A Case Associated with an Infrequent Gene Mutation

Alexandra Grob 1,, Christina Feser 1, Steven Grekin 1
PMCID: PMC4756873  PMID: 26962393

Abstract

Muir-Torre syndrome is a rare, autosomal dominant genodermatosis characterized by the presence of at least one sebaceous gland neoplasm, associated with an underlying visceral malignancy. Muir-Torre syndrome is believed to be a subtype of Lynch Syndrome. Affected individuals are found to have germline mutations predominantly in DNA mismatch repair gene MSH2, and much less frequently, MLH1. The authors report the case of a 55-year-old woman presenting with multiple cutaneous neoplasms including sebaceoma, basal cell carcinoma, and squamous cell carcinoma; personal history of colorectal and endometrial cancer; and family history of colorectal cancer; found to have a deletion at mismatch repair gene MLH1. It is important to recognize the role of these less common gene deletions in producing the Muir-Torre syndrome phenotype, and consider the correlation of cutaneous manifestations with internal disease. The authors discuss the clinical presentation of Muir-Torre syndrome, methods of diagnosis, and the importance of regular medical surveillance to detect and prevent disease progression in Muir-Torre syndrome patients and their family members.

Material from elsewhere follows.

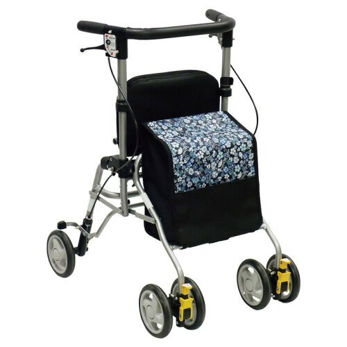 島製作所 シンフォニーSPスリム 花柄紺 歩行車 杖立て付 歩行器 高齢者 老人 介護用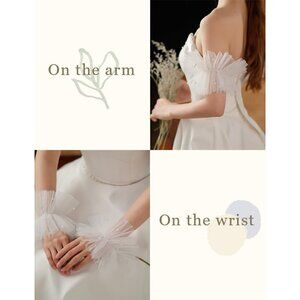 Design: This elegant short lace tulle gloves with ruffles decoration, another one have pearl accents, it can be worn on the wrist; the gloves are easy to put on and take off

A 55-year-old woman with a history of colorectal and endometrial cancer status post-partial colectomy and total abdominal hysterectomy, squamous cell carcinoma (SCC), basal cell carcinoma (BCC), and hypertension presented to the clinic for evaluation of a nasal lesion. She was unsure of the total duration the lesion had been present, yet stated that the area had recently been changing in character with crusting and pain. The patient admitted to similar appearing lesions in the past, which had been biopsied, as well as treated with electrocautery and cyrotherapy. She had previously undergone Mohs micrographic surgery for SCC of the left breast, as well as BCC of the right nasal ala. Prior biopsy reports revealed history of two sebaceomas of the right nose for which no further intervention was performed. Family history was positive for visceral malignancy, as her mother was deceased at age 64, secondary to colon cancer. The patient could not recall a history of cutaneous lesions in her mother and had no known family history of skin cancer. A review of systems was otherwise negative.

EXAMINATION

Physical examination revealed a well-developed female in no apparent distress. Her face featured a 4mm non-tender, pearly papule on the right nasal tip along with multiple, scattered, 0.2 to 0.4cm, yellow, lobulated papules, most dense throughout the nose and bilateral cheeks. Chest was without evidence of recurrence or suspicious lesions. The back and extremities demonstrated multiple, scattered, brown, waxy papules and plaques, as well as uniform brown macules consistent with seborrheic keratoses and solar lentigos. At the time of examination, a 3mm shave biopsy was obtained of the lesion at the right nasal tip, which was suspicious for malignancy.

HISTOPATHOLOGY

Microscopic examination revealed a well-circumscribed vertically oriented neoplasm composed of immature and mature sebocytes. Ductal structures with an eosinophilic, undulating cuticle were scattered throughout the lesion. No palisading nuclei were noted. Epidermal erosion with scale crust was seen. Overall findings were classified as sebaceoma (Figures 1A and 1B). These findings were consistent with two prior biopsies of the right nose.

Figure 1A.

Figure 1A.

Shave biopsy of the right nasal tip at low magnification, revealing sebaceoma

Figure 1B.

Figure 1B.

Well-circumscribed nodular dermal neoplasm composed of uniform basaloid cells with interspersed disordered aggregates of mature sebocytes and transitional cells. Sebaceous duct formation, some with cystic dilation, is present. No cytologic atypia or infiltrative growth is noted.

COURSE AND THERAPY

The patient’s clinical history, family history, and histopathology obtained were strongly suggestive of Muir-Torre syndrome (MTS). She was counseled regarding this diagnosis, and referred for further genetic testing. Tumor testing of previous endometrial cancer was microsatellite instability (MSI) high, with 5 of 5 markers showing MSI with absent staining of the MLH1 and PMS2 proteins. Additional germ-line analysis of the MLH1 gene was positive for a deletion, confirming the diagnosis of MTS.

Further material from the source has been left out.